» Exercise objective: Find the line with "Vauban Limanı'den 2" in the entries below, then reproduce it and every line after it down to and including the line with "SCENE 5 | Big", exactly.

── Supplied material ──

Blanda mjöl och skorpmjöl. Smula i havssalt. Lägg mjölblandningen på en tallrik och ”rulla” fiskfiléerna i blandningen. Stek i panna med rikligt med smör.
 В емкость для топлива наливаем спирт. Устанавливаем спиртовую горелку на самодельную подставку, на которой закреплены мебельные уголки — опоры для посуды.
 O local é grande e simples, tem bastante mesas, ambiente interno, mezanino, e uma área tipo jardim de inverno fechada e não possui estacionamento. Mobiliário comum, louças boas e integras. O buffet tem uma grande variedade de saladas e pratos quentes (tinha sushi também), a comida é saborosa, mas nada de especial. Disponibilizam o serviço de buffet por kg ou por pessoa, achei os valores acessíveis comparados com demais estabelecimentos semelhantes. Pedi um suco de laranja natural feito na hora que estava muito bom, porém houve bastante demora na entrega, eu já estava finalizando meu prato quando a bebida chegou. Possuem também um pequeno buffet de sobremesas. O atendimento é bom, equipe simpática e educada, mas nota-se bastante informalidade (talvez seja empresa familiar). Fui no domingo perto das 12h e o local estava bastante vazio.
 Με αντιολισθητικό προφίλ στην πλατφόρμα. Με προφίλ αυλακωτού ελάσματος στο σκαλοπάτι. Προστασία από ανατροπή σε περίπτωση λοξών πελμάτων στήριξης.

───
── Supplied material ──

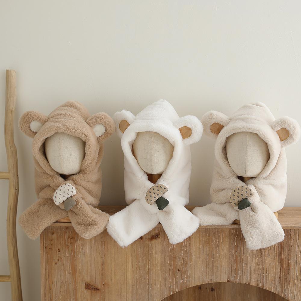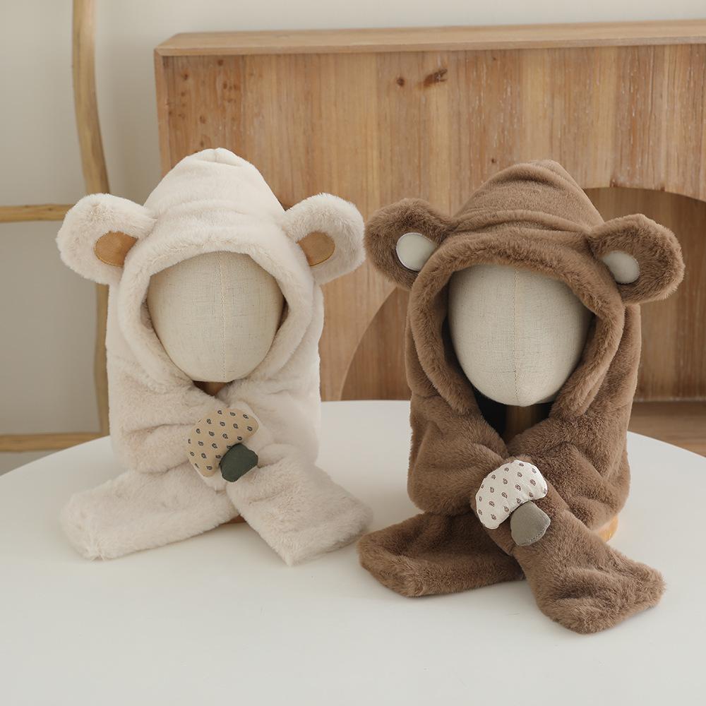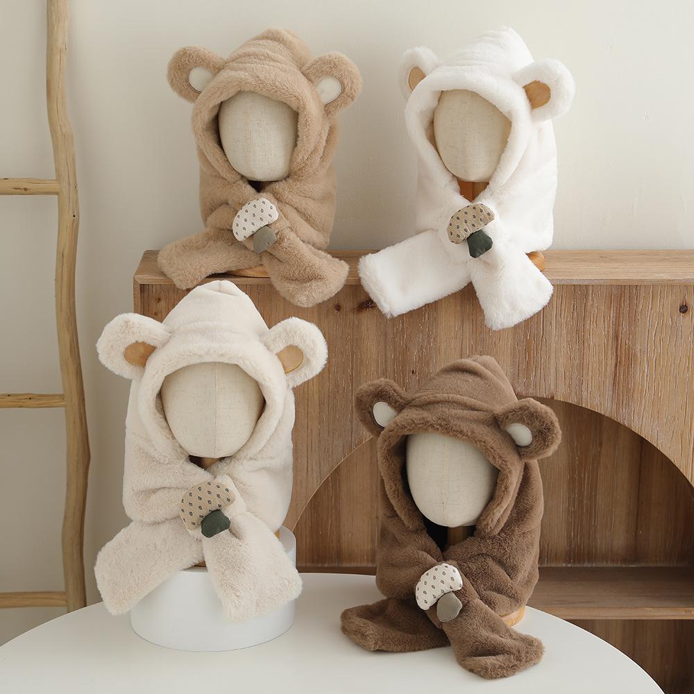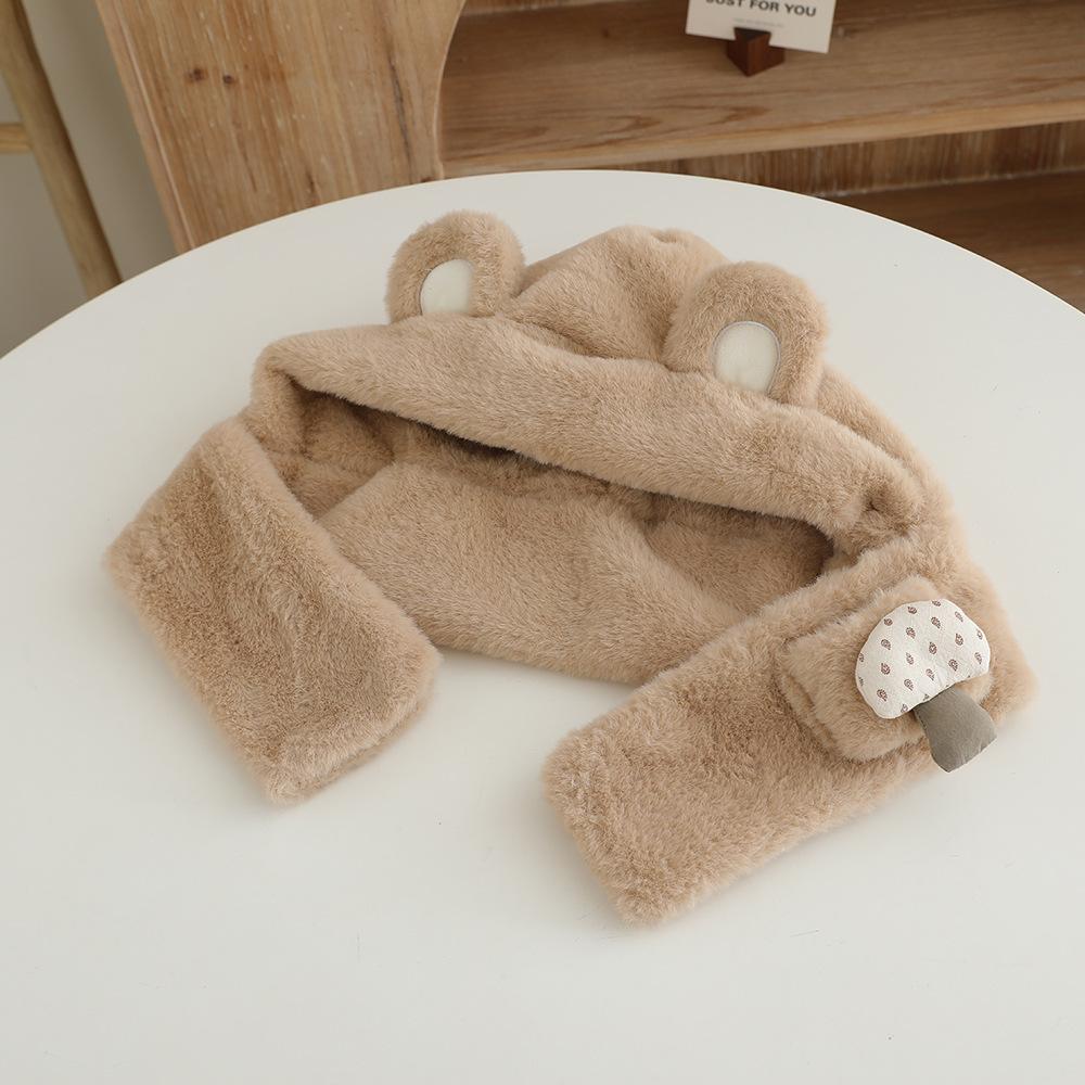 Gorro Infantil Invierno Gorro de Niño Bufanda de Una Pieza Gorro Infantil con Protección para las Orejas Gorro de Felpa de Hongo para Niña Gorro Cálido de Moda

───
── Supplied material ──

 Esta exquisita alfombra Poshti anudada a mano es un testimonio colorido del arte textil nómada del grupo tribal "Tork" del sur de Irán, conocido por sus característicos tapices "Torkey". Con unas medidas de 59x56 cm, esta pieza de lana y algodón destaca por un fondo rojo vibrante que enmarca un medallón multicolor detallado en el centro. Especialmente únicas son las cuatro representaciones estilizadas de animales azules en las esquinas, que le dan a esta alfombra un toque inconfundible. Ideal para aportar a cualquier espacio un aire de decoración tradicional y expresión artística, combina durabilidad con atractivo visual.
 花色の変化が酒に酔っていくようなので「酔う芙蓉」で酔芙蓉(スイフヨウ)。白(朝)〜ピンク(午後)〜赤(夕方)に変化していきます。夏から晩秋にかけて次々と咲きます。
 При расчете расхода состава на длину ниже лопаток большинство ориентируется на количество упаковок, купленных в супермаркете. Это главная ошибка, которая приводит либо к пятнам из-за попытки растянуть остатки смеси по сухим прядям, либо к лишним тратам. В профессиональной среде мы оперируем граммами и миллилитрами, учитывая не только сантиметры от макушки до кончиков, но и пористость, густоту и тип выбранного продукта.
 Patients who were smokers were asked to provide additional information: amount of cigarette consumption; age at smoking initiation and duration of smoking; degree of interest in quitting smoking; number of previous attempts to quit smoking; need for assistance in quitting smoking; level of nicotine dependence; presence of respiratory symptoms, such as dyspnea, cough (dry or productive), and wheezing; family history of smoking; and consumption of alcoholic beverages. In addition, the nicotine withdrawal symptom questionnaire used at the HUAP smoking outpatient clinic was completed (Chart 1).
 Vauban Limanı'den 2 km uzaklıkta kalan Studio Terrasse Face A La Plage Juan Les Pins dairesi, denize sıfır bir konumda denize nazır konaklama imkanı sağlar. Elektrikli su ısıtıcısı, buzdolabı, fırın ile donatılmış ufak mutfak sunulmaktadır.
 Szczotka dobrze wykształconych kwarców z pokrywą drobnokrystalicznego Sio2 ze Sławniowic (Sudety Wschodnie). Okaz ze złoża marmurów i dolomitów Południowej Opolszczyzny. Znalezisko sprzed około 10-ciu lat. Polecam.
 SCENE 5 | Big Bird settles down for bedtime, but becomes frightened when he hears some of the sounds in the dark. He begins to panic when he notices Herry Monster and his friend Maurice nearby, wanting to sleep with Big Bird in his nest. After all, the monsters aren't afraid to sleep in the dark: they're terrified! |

───

» Answer box:
 Vauban Limanı'den 2 km uzaklıkta kalan Studio Terrasse Face A La Plage Juan Les Pins dairesi, denize sıfır bir konumda denize nazır konaklama imkanı sağlar. Elektrikli su ısıtıcısı, buzdolabı, fırın ile donatılmış ufak mutfak sunulmaktadır.
 Szczotka dobrze wykształconych kwarców z pokrywą drobnokrystalicznego Sio2 ze Sławniowic (Sudety Wschodnie). Okaz ze złoża marmurów i dolomitów Południowej Opolszczyzny. Znalezisko sprzed około 10-ciu lat. Polecam.
 SCENE 5 | Big Bird settles down for bedtime, but becomes frightened when he hears some of the sounds in the dark. He begins to panic when he notices Herry Monster and his friend Maurice nearby, wanting to sleep with Big Bird in his nest. After all, the monsters aren't afraid to sleep in the dark: they're terrified! |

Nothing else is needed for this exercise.